__Work to be completed__: From top to bottom, retype the data exactly, passing over any picture.

===

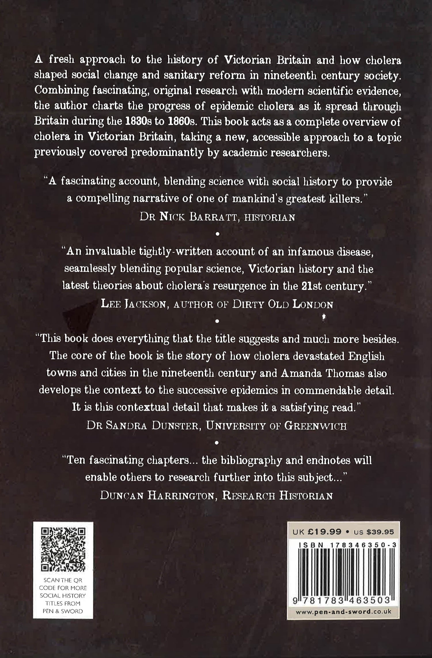 Discover the story of the disease that devastated the Victorian population, and brought about major changes in sanitation. Drawing on the latest scientific research and a wealth of archival material, Amanda Thomas uses firsthand accounts, blending personal stories with an overview of the history of the disease and its devastating after effects on British society. This fascinating history of a catastrophic disease uncovers forgotten stories from each of the major cholera outbreaks in 1831-3, 1848-9, 1853-4 and 1866. Amanda Thomas reveals that Victorian theories about the disease were often closer to the truth than we might assume, among them the belief that cholera was spread by miasma, or foul air.
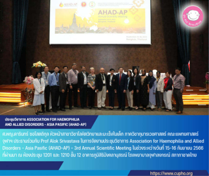tui sakrapee September 25, 2023 รพ.จุฬาฯ รวมสุดยอดคุณหมอ 320 ท่านจากทั่วโลก ร่วมประชุมวิชาการ Association for Haemophilia and Allied Disorders – Asia Pasific (AHAD-AP) tui sakrapee September 25, 2023 ศ.พญ.ดารินทร์ ซอโสตถิกุล หัวหน้าสาขาวิชาโลหิตวิทยาและมะเร็งในเด็ก ภาควิชากุมารเวชศาสตร์ คณะแพทยศาสตร์ จุฬาฯ ประธานร่วมกับ Prof Alok Srivastava ในการจัดงานประชุมวิชาการ Association for Haemophilia and Allied Disorders – Asia Pasific (AHAD-AP) – 3rd Annual Scientific Meeting ในช่วงระหว่างวันที่ 15-16 กันยายน 2566 ที่ผ่านมา ณ… Continue Reading
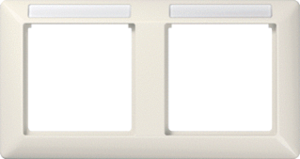 Jung afdekraam schakelmateriaal, kunststof, wit, (bxhxd) 151.5x80.5x10mm, uitvoering oppervlakte glanzend, montagerichting horizontaal, geschikt voor wandgoot, tekstveld/beschrijvingsvlak, 2 eenheden, beschermingsgraad (IP) IP44, 2 eenheden horizontaal, RAL-nummer 1013, kwaliteit thermoplast,
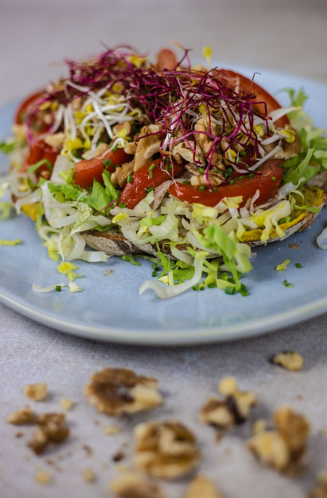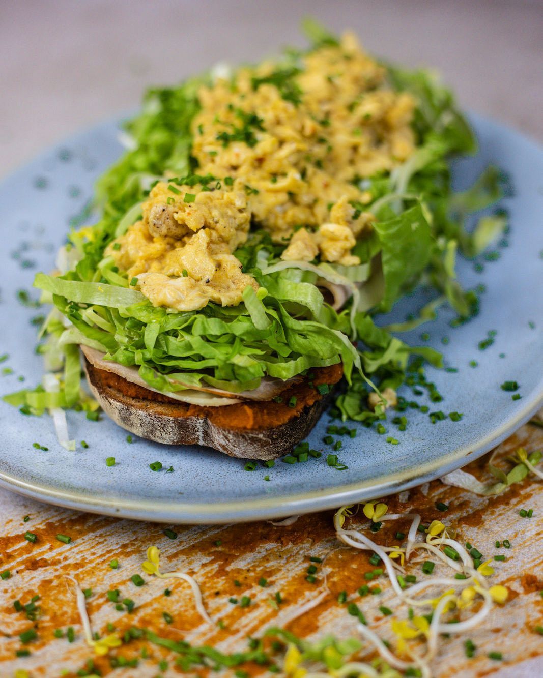 1x Scheibe Holzofenbrot, Linsen-Curry-Aufstrich, Salat der Saison, marinierte Tomate, geröstete Sonnenblumenkerne
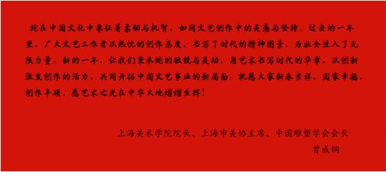 蛇在中國文化中象征著柔韌與機(jī)智,如同文藝創(chuàng)作中的靈感與堅持。過去的一年里,廣大文藝工作者以熱忱的創(chuàng)作態(tài)度,書寫了時代的精神圖景,為社會注入了無限力量。新的一年,讓我們秉承蛇的敏銳與靈動,用藝術(shù)書寫時代的華章,以創(chuàng)新激發(fā)創(chuàng)作的活力,共同開拓中國文藝事業(yè)的新局面。祝愿大家新春吉祥,闔家幸福,創(chuàng)作豐碩,愿藝術(shù)之光在中華大地熠熠生輝!
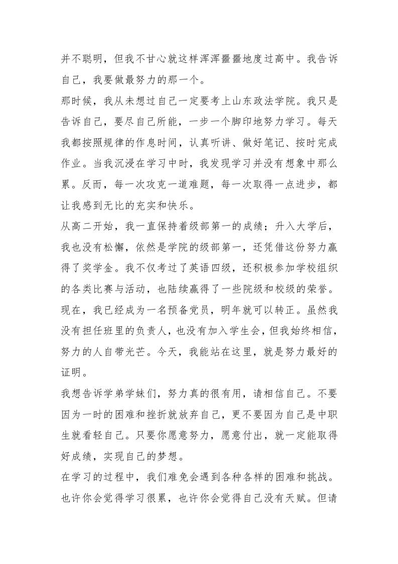 优秀毕业生在XX应用技术职业中等专业学校建校20周年庆典上的发言:努力,为中职生开启美好未来
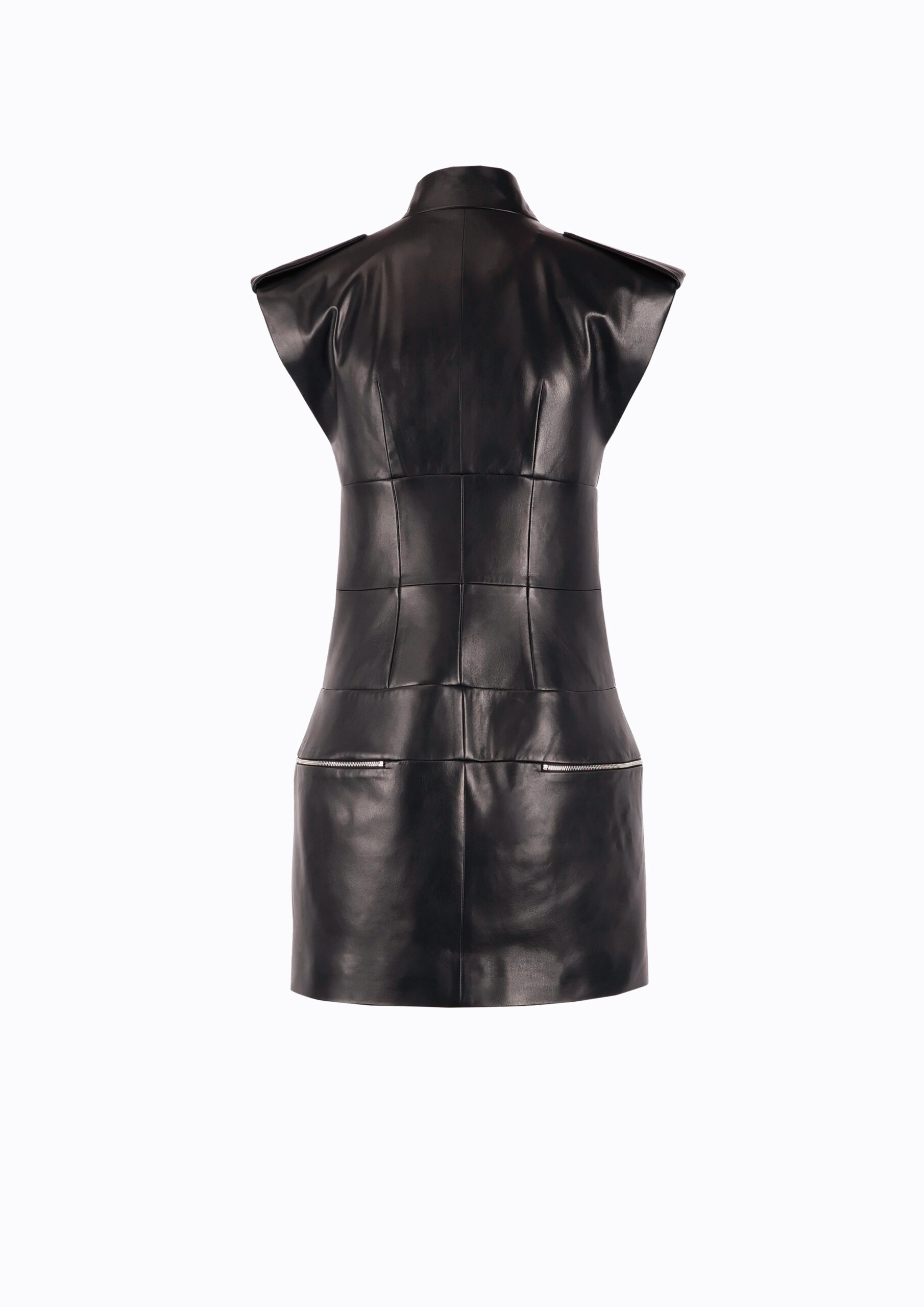NATURAL LEATHER DRESS WITH HIGH NECK BLACK
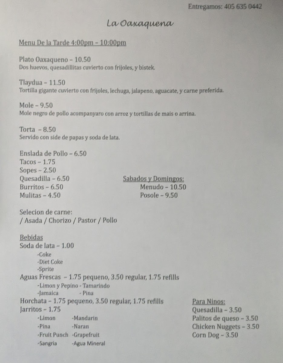 La Oaxaquena Bakery Menu

===

__Output below__:
 Discover the story of the disease that devastated the Victorian population, and brought about major changes in sanitation. Drawing on the latest scientific research and a wealth of archival material, Amanda Thomas uses firsthand accounts, blending personal stories with an overview of the history of the disease and its devastating after effects on British society. This fascinating history of a catastrophic disease uncovers forgotten stories from each of the major cholera outbreaks in 1831-3, 1848-9, 1853-4 and 1866. Amanda Thomas reveals that Victorian theories about the disease were often closer to the truth than we might assume, among them the belief that cholera was spread by miasma, or foul air.
tui sakrapee September 25, 2023 รพ.จุฬาฯ รวมสุดยอดคุณหมอ 320 ท่านจากทั่วโลก ร่วมประชุมวิชาการ Association for Haemophilia and Allied Disorders – Asia Pasific (AHAD-AP) tui sakrapee September 25, 2023 ศ.พญ.ดารินทร์ ซอโสตถิกุล หัวหน้าสาขาวิชาโลหิตวิทยาและมะเร็งในเด็ก ภาควิชากุมารเวชศาสตร์ คณะแพทยศาสตร์ จุฬาฯ ประธานร่วมกับ Prof Alok Srivastava ในการจัดงานประชุมวิชาการ Association for Haemophilia and Allied Disorders – Asia Pasific (AHAD-AP) – 3rd Annual Scientific Meeting ในช่วงระหว่างวันที่ 15-16 กันยายน 2566 ที่ผ่านมา ณ… Continue Reading
 Jung afdekraam schakelmateriaal, kunststof, wit, (bxhxd) 151.5x80.5x10mm, uitvoering oppervlakte glanzend, montagerichting horizontaal, geschikt voor wandgoot, tekstveld/beschrijvingsvlak, 2 eenheden, beschermingsgraad (IP) IP44, 2 eenheden horizontaal, RAL-nummer 1013, kwaliteit thermoplast,
 1x Scheibe Holzofenbrot, Linsen-Curry-Aufstrich, Salat der Saison, marinierte Tomate, geröstete Sonnenblumenkerne
 蛇在中國文化中象征著柔韌與機(jī)智,如同文藝創(chuàng)作中的靈感與堅持。過去的一年里,廣大文藝工作者以熱忱的創(chuàng)作態(tài)度,書寫了時代的精神圖景,為社會注入了無限力量。新的一年,讓我們秉承蛇的敏銳與靈動,用藝術(shù)書寫時代的華章,以創(chuàng)新激發(fā)創(chuàng)作的活力,共同開拓中國文藝事業(yè)的新局面。祝愿大家新春吉祥,闔家幸福,創(chuàng)作豐碩,愿藝術(shù)之光在中華大地熠熠生輝!
 优秀毕业生在XX应用技术职业中等专业学校建校20周年庆典上的发言:努力,为中职生开启美好未来
NATURAL LEATHER DRESS WITH HIGH NECK BLACK
 La Oaxaquena Bakery Menu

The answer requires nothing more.